Data listing:

.....

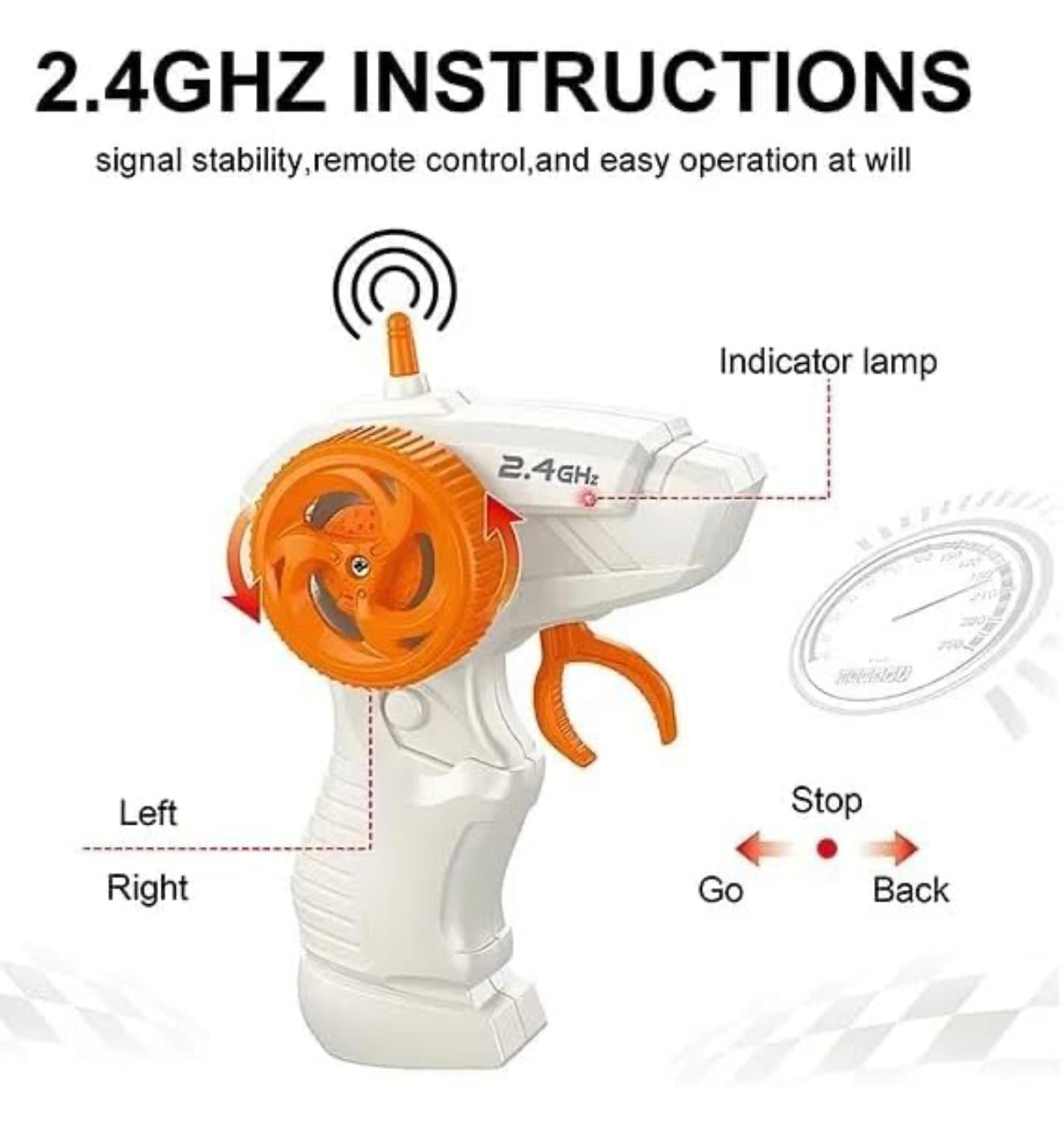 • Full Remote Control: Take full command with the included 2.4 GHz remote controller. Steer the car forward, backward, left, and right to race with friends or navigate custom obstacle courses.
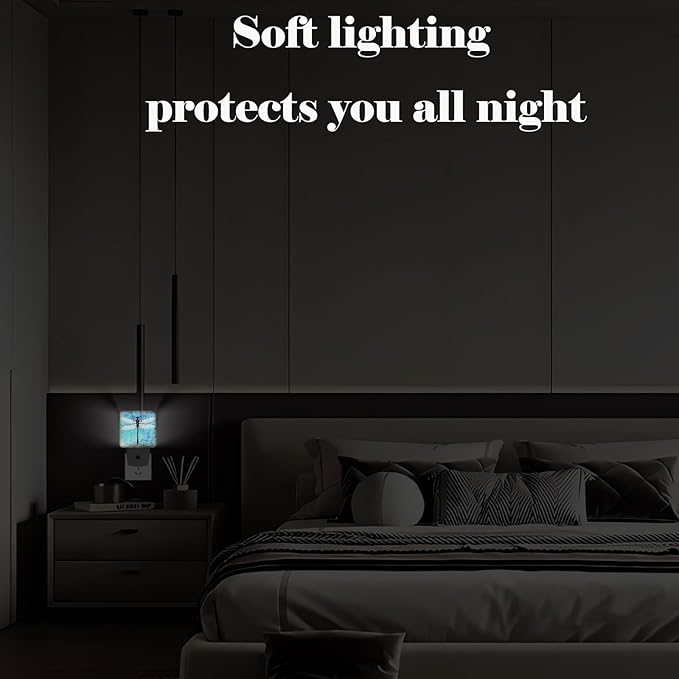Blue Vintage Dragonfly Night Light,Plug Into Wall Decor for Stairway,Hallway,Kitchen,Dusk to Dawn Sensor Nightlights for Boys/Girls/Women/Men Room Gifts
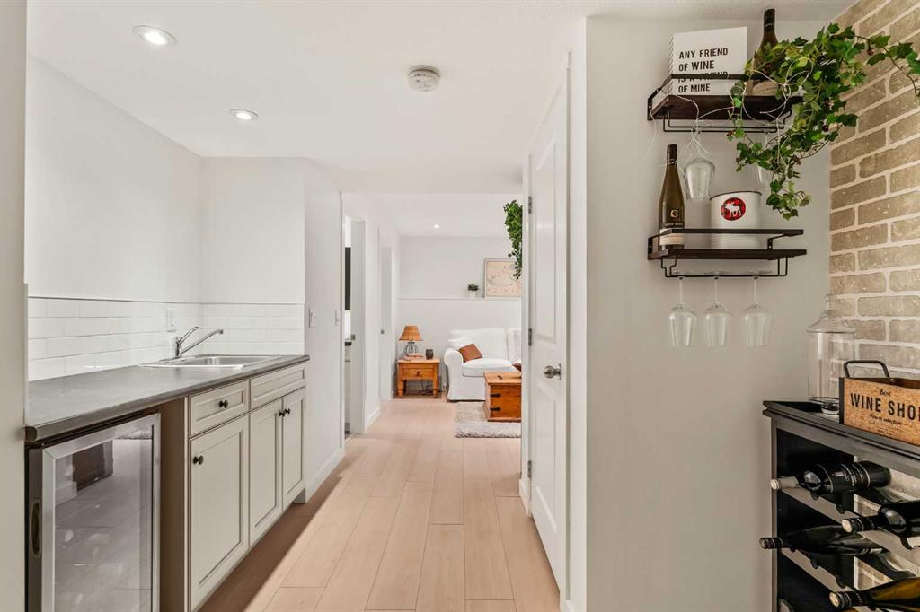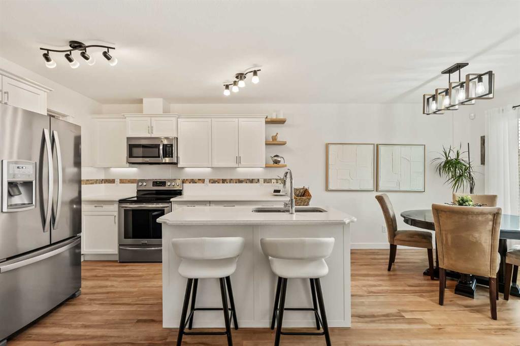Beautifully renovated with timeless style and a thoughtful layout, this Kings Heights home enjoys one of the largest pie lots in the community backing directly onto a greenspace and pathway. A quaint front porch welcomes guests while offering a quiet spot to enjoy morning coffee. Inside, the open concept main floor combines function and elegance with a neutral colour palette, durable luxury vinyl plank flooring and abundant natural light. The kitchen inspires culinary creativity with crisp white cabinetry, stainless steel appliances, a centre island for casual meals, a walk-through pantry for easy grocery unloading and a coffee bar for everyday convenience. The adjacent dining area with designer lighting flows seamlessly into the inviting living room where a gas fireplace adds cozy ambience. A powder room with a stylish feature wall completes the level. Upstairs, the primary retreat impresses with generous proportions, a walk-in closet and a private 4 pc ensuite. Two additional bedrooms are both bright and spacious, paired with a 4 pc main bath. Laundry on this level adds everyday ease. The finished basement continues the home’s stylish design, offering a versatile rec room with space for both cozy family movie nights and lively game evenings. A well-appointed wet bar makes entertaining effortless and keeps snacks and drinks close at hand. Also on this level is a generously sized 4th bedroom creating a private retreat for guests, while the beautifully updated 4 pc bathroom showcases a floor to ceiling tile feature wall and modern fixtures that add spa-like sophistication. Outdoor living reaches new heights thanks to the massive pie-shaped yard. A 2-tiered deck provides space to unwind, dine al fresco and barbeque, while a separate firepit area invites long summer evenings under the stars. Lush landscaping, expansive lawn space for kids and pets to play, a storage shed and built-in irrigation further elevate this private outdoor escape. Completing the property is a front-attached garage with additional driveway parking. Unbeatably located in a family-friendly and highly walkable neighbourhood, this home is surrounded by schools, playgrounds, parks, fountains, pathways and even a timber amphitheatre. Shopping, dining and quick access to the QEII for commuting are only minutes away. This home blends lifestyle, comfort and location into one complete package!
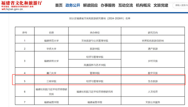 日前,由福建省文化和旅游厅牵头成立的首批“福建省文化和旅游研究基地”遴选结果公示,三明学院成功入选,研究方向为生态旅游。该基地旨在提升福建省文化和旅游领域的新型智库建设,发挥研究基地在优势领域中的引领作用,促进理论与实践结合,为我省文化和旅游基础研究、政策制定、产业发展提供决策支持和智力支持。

.....

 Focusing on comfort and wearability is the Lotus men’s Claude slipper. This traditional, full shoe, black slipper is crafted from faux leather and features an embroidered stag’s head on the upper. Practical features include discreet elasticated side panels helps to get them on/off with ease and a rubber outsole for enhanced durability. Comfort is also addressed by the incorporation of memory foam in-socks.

.....

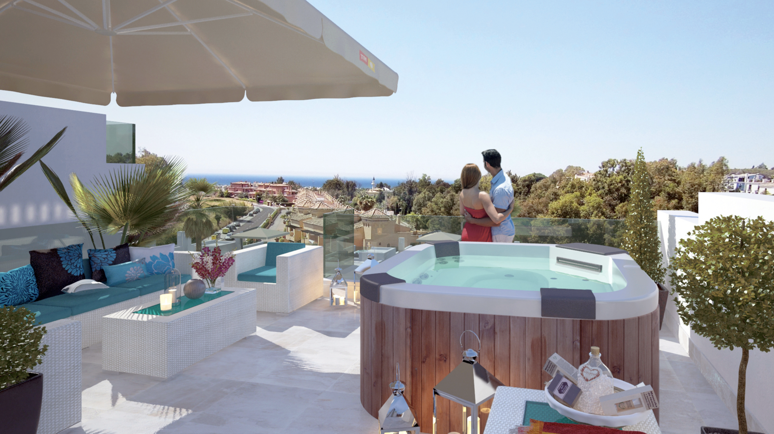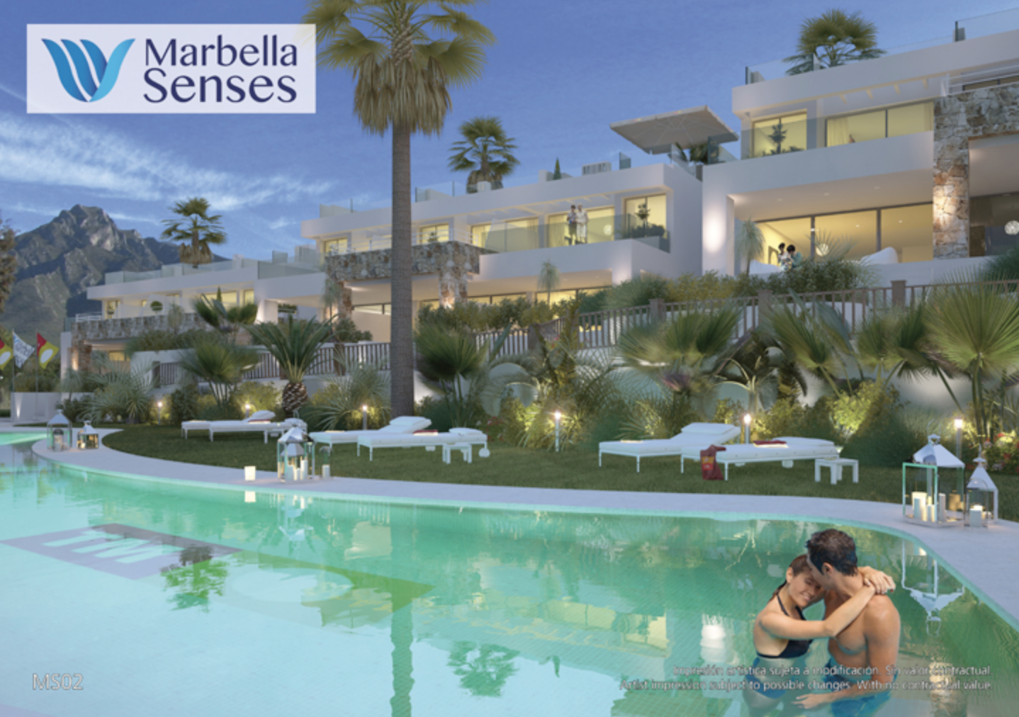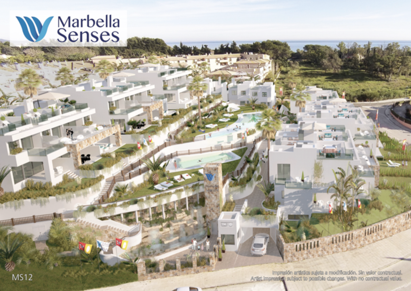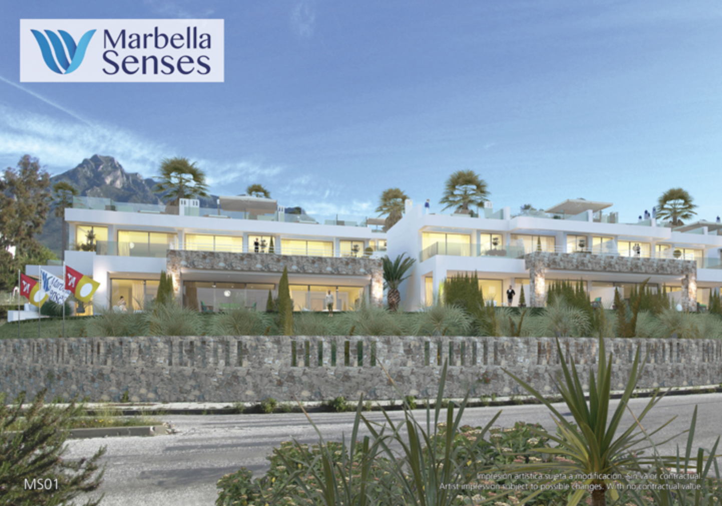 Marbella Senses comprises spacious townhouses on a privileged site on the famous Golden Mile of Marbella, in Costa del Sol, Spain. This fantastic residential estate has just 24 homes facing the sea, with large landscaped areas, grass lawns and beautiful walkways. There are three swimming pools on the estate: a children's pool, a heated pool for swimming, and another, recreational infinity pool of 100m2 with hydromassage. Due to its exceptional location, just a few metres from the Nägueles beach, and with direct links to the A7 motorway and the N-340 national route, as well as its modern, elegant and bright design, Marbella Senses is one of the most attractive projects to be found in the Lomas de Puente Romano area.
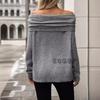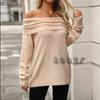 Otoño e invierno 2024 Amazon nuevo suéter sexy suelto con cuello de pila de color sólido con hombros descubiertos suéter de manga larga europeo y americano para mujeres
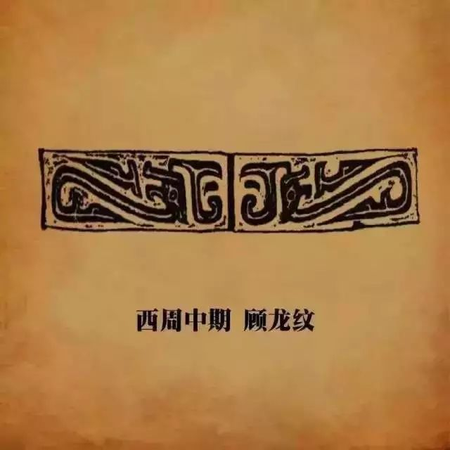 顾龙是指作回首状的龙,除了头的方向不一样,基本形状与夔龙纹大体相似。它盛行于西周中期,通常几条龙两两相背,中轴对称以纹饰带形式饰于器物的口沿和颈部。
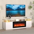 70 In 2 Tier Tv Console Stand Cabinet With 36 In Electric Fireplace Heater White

.....

Requirement:
Retype only the lines above from the one with "custom obstacle courses." through the one with "Blue Vintage Dragonfly", exactly and with both ends. Images stay out.

Expected answer:
 • Full Remote Control: Take full command with the included 2.4 GHz remote controller. Steer the car forward, backward, left, and right to race with friends or navigate custom obstacle courses.
Blue Vintage Dragonfly Night Light,Plug Into Wall Decor for Stairway,Hallway,Kitchen,Dusk to Dawn Sensor Nightlights for Boys/Girls/Women/Men Room Gifts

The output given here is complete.